Trajectory Set	Safety Score	Human Trajectory Distance
All sampled anchor trajectories	26.92	24.87
Chosen trajectories	93.34	0.77
Rejected trajectories	8.68	1.99

[L1] Statistical Robustness

We conducted five independent training runs of our model and report the mean and standard deviation of key metrics in the table below. The results show low variance across runs, indicating that our method exhibits strong statistical robustness.

Method	NC	DAC	EP	TTC	Comf	PDMS
Baseline	97.9	97.3	84.0	93.6	100.0	88.8
Ours	98.27 ± 0.17	98.13 ± 0.05	84.17 ± 0.34	94.43 ± 0.26	99.97 ± 0.05	89.77 ± 0.17

[L2] Fixed Perception Backbone

As shown in the table below, we replaced the vision backbone of the policy model with more powerful architectures, including V2-99 [3] and ViT-L. The results show that our method consistently outperforms previous SOTA methods. Moreover, applying DPO fine-tuning further improves performance across all backbone configurations, demonstrating the generality and scalability of our approach. We will include these experimental results and analysis in the revised version.

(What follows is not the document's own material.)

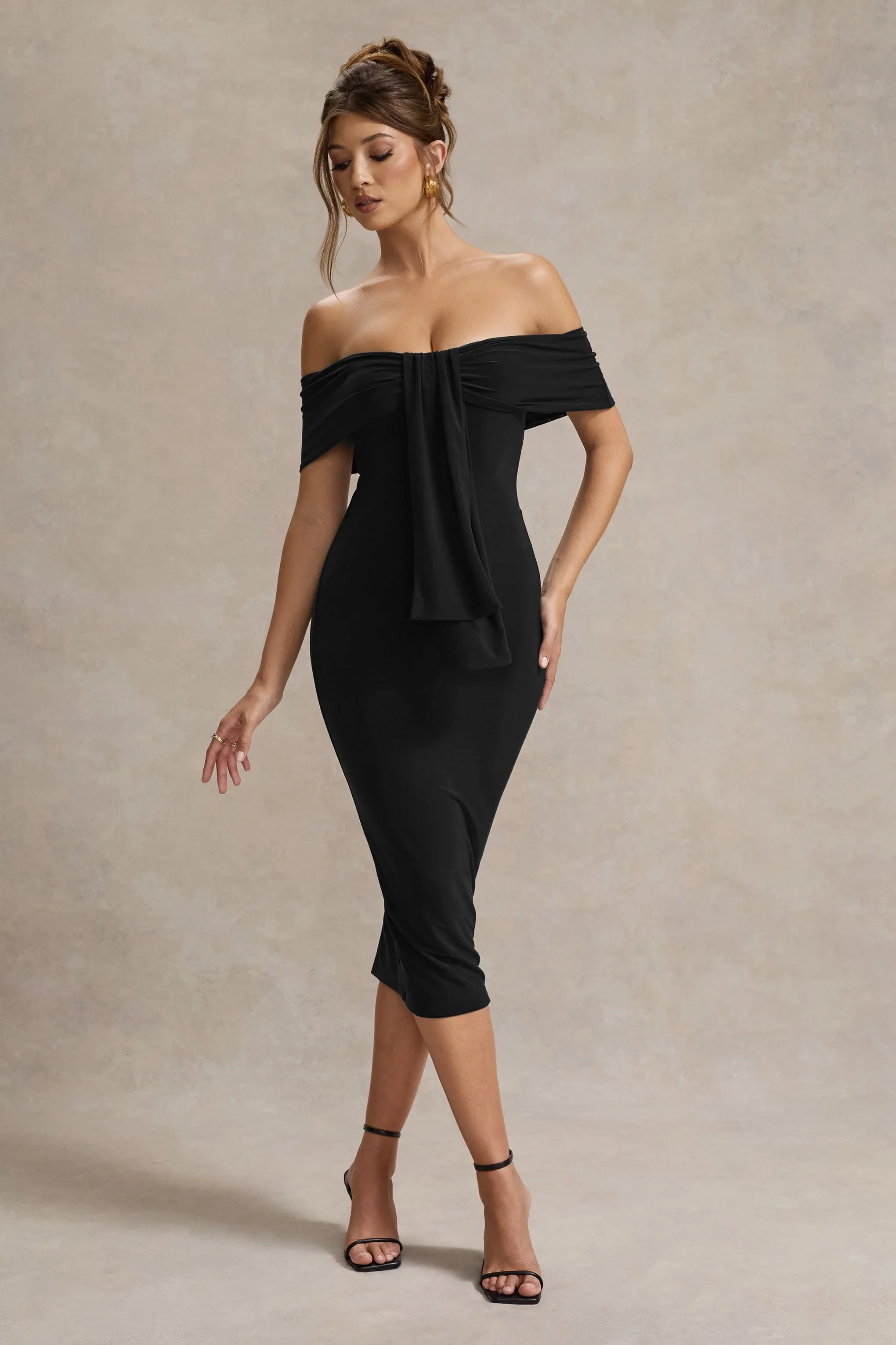 Selbie | Black Bardot Midi Dress With Drape

Method	Backbone	NC	DAC	EP	TTC	Comf	PDMS
GoalFlow	V2-99	98.4	98.3	85.0	94.6	100.0	90.3
Hydra-MDP-B	V2-99	98.4	97.8	86.5	93.9	100.0	90.3
Hydra-MDP-C	V2-99 & ViT-L	98.7	98.2	86.5	95.0	100.0	91.0
Hydra-MDP++	V2-99	98.6	98.6	85.7	95.1	100.0	91.0
Ours (w/o DPO)	V2-99	98.6	98.7	84.7	95.0	99.9	90.5
Ours	V2-99	98.9	99.1	85.2	95.9	100.0	91.4

Method	Backbone	NC	DAC	EP	TTC	Comf	PDMS
Hydra-MDP-A	ViT-L	98.4	97.7	85.0	94.5	100.0	89.9
Ours (w/o DPO)	ViT-L	98.2	98.1	84.1	94.0	100.0	89.6
Ours	ViT-L	98.5	99.0	84.0	95.0	100.0	90.3

[1] Jia, Xiaosong, et al. "Bench2drive: Towards multi-ability benchmarking of closed-loop end-to-end autonomous driving." NeurIPS 2024.

[2] Li, Yongkang, et al. "ReCogDrive: A Reinforced Cognitive Framework for End-to-End Autonomous Driving." arXiv:2506.08052.

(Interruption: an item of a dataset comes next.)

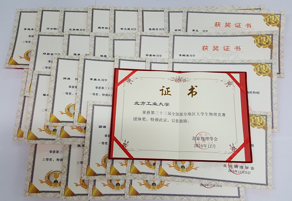 2016年第三十三届全国部分地区大学生物理竞赛于12月11日结束,近日竞赛成绩揭晓。米兰再次取得优异成绩,在同类院校中名列前茅,共有139名同学参赛,37人获奖,其中一等奖10名、二等奖10名、三等奖17名,其中一等奖获得人数再创历史新高,并获团体奖。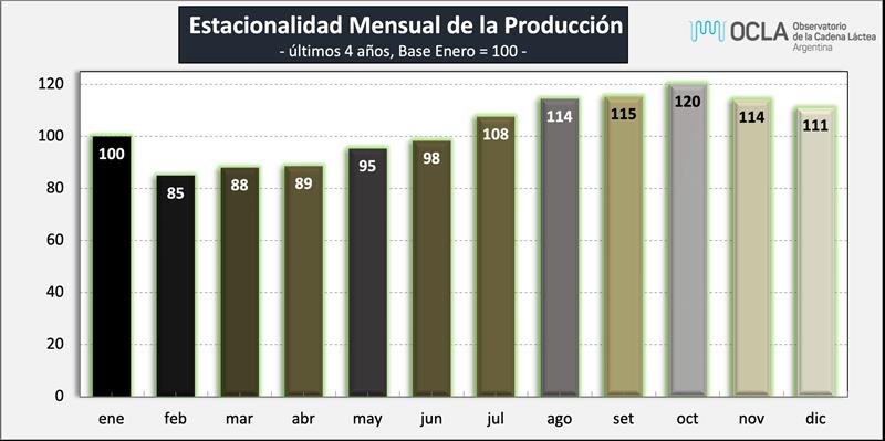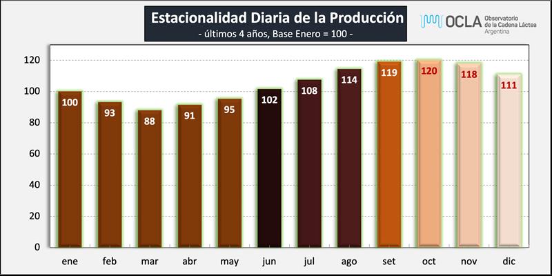 Como es habitual, la producción desde el pico de máxima en octubre, cae a una tasa del 5% mensual hasta marzo/abril (tomando el promedio diario de producción, para que no afecten la cantidad de días de cada mes), donde luego comienza un nuevo repunte hacia octubre.

[3] Lee, Youngwan, and Jongyoul Park. "Centermask: Real-time anchor-free instance segmentation." CVPR 2020.

最终决定Accept (poster)

2025-09-17

This paper proposes a two-stage policy learning framework called DriveDPO for end-to-end autonomous driving. The proposed framework uses both imitation learning and rule-based safety signals and refines the policy using DPO. The overall framework achieves good performance on the NAVSIM benchmark, with noticeable improvement on safety-related metrics.

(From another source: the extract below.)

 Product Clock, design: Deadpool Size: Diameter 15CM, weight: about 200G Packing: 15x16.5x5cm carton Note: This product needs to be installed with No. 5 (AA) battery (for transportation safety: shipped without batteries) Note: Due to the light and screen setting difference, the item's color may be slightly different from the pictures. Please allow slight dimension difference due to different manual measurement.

The paper received generally positive feedback. The reviewers acknowledged its logical design and the performance of DriveDPO on the NAVSIM benchmark. There are also some concerns regarding this paper, specifically

The novelty of the paper seems limited. It is built upon the Transfuser backbone, anchor vocabulary from VADv2, and the use of DPO and and rule-based score with imitation learning score is also trivial.
The performance improvement does not seem to be very impressive. The proposed method uses additional rule-based information for policy learning, while many other baselines do not use such extra information, making the comparison not that fair for other baselines. Its performance suffers from a noticeable drop when removing rule-based signals (Table 2). Moreover, the improvement from adding DPO also seems pretty marginal (Table 1).

I encourage the authors to include the closed-loop evaluation results as well as some of the discussions during rebuttal in the final version of the paper.